How It Works
The ideas behind punktfunk — per-client virtual displays, the two protocols, and trust.
You don't need to know any of this to use punktfunk, but it helps to understand what's happening when you connect.
A virtual display, sized to your device
When a client connects, the host asks your desktop to create a new virtual display at exactly the client's resolution and refresh rate, captures that display, and streams it. The virtual display is real to your desktop — apps can be moved onto it, games open on it — but it isn't tied to any physical monitor. When the client disconnects, the virtual display goes away.
That's why a 1080p60 laptop and a 1440p120 desktop can stream from the same host at the same time, each at its own mode — they each get their own virtual display.
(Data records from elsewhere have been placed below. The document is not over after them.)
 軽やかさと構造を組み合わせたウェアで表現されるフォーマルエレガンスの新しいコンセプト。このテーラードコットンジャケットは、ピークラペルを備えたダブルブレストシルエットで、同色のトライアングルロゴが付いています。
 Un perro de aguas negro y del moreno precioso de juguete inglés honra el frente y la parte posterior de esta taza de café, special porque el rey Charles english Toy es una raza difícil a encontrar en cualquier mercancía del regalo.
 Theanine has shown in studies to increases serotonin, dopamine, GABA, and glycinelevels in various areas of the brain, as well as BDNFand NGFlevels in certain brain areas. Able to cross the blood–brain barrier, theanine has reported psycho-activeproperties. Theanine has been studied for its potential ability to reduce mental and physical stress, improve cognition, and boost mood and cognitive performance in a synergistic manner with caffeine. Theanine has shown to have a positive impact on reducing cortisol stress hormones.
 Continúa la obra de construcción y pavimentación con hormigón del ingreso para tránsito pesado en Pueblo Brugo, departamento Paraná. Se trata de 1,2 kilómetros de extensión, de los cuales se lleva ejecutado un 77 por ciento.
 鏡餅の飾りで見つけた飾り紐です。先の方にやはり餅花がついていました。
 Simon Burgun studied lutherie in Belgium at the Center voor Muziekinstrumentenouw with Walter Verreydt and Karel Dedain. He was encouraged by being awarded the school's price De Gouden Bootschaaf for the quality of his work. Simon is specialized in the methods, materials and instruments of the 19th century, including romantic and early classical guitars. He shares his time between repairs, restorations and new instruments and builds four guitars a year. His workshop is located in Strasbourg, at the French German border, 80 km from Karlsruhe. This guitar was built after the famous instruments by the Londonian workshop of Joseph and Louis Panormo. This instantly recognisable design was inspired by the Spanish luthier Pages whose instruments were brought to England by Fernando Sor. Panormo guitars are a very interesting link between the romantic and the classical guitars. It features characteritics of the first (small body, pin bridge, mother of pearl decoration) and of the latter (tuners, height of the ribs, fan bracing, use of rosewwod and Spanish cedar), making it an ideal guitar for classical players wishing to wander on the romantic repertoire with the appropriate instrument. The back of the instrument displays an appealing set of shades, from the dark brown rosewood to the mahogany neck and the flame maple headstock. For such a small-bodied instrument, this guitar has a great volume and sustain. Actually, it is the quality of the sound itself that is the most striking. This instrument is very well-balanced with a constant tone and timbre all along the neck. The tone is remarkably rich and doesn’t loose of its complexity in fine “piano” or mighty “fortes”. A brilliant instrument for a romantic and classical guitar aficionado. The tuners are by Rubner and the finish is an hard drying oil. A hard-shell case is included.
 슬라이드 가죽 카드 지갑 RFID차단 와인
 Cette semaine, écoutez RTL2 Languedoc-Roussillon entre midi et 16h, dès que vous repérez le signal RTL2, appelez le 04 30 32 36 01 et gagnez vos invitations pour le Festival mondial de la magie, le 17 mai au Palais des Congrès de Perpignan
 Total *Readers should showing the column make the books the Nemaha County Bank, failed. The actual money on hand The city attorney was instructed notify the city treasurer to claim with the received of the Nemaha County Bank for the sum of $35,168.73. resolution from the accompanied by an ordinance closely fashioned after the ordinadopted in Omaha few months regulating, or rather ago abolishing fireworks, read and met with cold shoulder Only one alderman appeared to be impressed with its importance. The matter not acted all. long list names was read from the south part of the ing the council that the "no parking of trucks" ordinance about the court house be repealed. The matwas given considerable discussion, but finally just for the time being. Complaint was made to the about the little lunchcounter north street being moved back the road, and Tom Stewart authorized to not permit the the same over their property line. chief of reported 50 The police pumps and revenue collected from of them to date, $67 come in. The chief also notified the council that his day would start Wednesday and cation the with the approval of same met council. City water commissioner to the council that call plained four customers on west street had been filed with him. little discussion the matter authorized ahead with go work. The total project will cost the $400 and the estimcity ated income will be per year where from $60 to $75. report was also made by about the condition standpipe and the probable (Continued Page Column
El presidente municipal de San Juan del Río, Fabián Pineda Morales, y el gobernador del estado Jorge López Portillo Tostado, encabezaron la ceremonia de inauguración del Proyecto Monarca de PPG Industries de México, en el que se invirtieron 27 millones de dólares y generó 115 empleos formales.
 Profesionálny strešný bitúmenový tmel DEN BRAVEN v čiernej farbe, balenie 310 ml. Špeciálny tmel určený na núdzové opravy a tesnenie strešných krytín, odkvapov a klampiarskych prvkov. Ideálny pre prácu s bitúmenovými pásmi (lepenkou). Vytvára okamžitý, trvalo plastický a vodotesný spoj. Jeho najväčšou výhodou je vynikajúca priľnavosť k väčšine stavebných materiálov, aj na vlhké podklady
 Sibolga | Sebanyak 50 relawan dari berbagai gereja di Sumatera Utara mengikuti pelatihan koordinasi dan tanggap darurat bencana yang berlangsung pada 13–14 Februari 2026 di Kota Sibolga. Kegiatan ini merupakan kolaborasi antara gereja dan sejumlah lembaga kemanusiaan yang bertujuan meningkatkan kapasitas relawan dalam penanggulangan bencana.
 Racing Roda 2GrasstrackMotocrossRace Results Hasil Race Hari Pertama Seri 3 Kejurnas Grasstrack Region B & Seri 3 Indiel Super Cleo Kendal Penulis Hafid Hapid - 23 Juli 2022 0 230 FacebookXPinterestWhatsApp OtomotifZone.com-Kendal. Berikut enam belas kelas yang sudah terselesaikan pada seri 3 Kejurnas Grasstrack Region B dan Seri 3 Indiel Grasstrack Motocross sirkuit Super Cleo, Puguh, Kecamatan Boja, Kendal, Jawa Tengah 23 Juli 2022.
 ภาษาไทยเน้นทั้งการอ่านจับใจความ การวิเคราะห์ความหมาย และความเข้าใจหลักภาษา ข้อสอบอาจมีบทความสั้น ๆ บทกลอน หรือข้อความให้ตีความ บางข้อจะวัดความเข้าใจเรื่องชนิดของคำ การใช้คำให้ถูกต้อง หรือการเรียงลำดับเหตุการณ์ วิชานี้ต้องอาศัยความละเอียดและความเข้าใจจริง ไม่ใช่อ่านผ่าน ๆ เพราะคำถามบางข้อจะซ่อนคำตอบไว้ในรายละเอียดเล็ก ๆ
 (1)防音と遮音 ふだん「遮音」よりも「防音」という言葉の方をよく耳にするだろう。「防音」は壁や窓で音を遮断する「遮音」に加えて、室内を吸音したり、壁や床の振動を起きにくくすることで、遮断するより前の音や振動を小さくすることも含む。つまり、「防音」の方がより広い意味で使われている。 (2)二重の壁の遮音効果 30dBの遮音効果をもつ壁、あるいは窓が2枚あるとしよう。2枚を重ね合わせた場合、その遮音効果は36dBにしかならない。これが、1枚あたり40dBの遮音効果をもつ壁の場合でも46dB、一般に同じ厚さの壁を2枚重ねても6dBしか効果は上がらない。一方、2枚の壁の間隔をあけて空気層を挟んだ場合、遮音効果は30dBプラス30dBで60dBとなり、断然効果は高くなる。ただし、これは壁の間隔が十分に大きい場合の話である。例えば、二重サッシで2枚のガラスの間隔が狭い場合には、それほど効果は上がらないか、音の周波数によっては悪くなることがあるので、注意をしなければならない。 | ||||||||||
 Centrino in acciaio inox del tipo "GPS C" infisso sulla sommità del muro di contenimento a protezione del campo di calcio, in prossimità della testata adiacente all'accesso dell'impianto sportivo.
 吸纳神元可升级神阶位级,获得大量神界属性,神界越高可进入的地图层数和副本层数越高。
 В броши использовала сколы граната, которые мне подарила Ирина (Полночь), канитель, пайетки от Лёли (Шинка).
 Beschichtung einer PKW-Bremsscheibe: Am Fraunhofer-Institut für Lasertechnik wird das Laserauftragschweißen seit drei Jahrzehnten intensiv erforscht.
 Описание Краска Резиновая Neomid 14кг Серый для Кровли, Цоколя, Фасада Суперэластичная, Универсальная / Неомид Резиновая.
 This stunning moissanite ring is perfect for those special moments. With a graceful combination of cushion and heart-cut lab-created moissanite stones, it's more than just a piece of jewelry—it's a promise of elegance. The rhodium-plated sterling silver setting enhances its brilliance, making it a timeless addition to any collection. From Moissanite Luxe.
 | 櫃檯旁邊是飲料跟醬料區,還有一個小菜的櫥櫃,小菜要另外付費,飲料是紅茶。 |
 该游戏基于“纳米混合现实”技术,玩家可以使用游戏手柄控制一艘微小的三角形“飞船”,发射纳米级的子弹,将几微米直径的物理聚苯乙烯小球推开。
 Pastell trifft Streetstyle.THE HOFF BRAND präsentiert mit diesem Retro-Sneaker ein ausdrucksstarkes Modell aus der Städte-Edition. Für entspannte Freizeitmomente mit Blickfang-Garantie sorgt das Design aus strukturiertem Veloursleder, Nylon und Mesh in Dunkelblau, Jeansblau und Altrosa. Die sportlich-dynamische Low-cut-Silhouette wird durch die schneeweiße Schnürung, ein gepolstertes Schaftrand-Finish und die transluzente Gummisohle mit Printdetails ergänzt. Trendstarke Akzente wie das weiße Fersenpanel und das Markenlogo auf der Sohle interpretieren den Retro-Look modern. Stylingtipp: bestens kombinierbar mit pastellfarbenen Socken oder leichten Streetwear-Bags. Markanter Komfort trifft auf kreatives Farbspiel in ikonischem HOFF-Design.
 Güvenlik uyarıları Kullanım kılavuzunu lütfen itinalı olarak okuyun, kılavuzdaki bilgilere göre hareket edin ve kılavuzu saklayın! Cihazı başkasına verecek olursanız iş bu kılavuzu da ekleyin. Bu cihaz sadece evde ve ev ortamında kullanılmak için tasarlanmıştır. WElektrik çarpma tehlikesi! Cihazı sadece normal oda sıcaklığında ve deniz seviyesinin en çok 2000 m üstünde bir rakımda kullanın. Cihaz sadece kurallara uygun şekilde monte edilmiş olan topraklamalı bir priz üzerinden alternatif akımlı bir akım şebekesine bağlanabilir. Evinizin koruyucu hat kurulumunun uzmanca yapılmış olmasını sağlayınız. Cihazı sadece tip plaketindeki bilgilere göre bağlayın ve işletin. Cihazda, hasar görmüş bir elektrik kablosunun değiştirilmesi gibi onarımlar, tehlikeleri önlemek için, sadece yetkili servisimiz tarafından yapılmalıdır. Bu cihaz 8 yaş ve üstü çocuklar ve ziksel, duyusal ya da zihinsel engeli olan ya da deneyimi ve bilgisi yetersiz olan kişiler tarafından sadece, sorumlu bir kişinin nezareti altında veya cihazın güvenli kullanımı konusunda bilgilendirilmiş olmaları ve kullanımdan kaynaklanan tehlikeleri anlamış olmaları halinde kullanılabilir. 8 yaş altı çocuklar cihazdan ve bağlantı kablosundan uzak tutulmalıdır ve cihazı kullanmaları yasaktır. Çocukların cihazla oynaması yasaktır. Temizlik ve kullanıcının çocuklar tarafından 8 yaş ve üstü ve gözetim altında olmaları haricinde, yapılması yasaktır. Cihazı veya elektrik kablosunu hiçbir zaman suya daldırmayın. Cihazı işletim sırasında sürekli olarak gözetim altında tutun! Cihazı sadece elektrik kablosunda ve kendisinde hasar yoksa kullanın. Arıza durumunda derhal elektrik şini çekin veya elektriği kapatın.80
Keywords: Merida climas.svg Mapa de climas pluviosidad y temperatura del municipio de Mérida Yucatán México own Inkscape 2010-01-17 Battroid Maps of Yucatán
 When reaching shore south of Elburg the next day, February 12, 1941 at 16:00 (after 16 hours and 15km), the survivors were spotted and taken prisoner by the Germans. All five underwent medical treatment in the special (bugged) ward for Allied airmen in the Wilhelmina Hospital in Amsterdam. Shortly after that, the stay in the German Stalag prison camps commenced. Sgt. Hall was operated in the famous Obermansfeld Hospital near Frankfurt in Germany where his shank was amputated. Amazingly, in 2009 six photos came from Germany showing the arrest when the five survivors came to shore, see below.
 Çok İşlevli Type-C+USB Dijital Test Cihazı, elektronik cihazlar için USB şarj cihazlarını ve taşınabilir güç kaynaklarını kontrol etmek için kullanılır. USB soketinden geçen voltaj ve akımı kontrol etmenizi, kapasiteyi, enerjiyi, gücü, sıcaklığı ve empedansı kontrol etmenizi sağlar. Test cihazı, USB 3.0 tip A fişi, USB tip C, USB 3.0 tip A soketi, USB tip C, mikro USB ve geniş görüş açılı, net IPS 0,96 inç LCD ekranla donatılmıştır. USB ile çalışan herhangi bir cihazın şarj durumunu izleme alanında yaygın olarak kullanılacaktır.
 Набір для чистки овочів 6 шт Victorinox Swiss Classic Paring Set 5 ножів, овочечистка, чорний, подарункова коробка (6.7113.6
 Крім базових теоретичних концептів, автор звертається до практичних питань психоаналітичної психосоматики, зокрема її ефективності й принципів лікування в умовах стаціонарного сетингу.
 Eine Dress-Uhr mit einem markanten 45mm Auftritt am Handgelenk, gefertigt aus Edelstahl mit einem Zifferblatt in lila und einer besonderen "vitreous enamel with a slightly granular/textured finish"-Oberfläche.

How the virtual display is created depends on your desktop:
| Desktop | How |
|---|---|
| GNOME (Mutter) | A virtual monitor via the screen-cast API |
| KDE Plasma (KWin) | A virtual output via KWin's screencast |
| Bazzite / Steam (gamescope) | A nested gamescope session launched at the client's mode |
| Sway (wlroots) | A headless output added to the running session |
From screen to GPU to wire
Captured frames never touch the CPU on their way to the encoder. They go straight from the compositor to the GPU's NVENC hardware encoder (HEVC/H.264/AV1) and out to the network — a zero-copy GPU path that keeps latency low even at high resolutions and frame rates.
Two protocols
punktfunk speaks two protocols over the same host:
- GameStream — the protocol Moonlight uses. Any Moonlight client connects with no special software. This is the most compatible way in.
- punktfunk/1 (native) — a purpose-built protocol with a QUIC control channel and a UDP data channel hardened with forward error correction and encryption. It's lower-latency and more resilient on imperfect networks, and it's what the Apple app uses.
Both run from a single host process, so you don't choose up front — Moonlight clients use GameStream, the native clients use punktfunk/1.
Pairing and trust
The first time a device connects, you pair it: the host shows a short PIN, you type it into the client, and the two remember each other. After that the device reconnects automatically on a pinned cryptographic identity — no PIN, no account, no cloud. See Pairing & Trust.
Finding hosts
Hosts advertise themselves on your local network, so clients can discover them automatically instead of needing an IP address. The Apple app and Moonlight both list hosts they find on the LAN.
Multiple devices at once
A host can stream to several clients simultaneously — your laptop and your TV both viewing (and controlling) the desktop, each at its own resolution. See Multiple devices.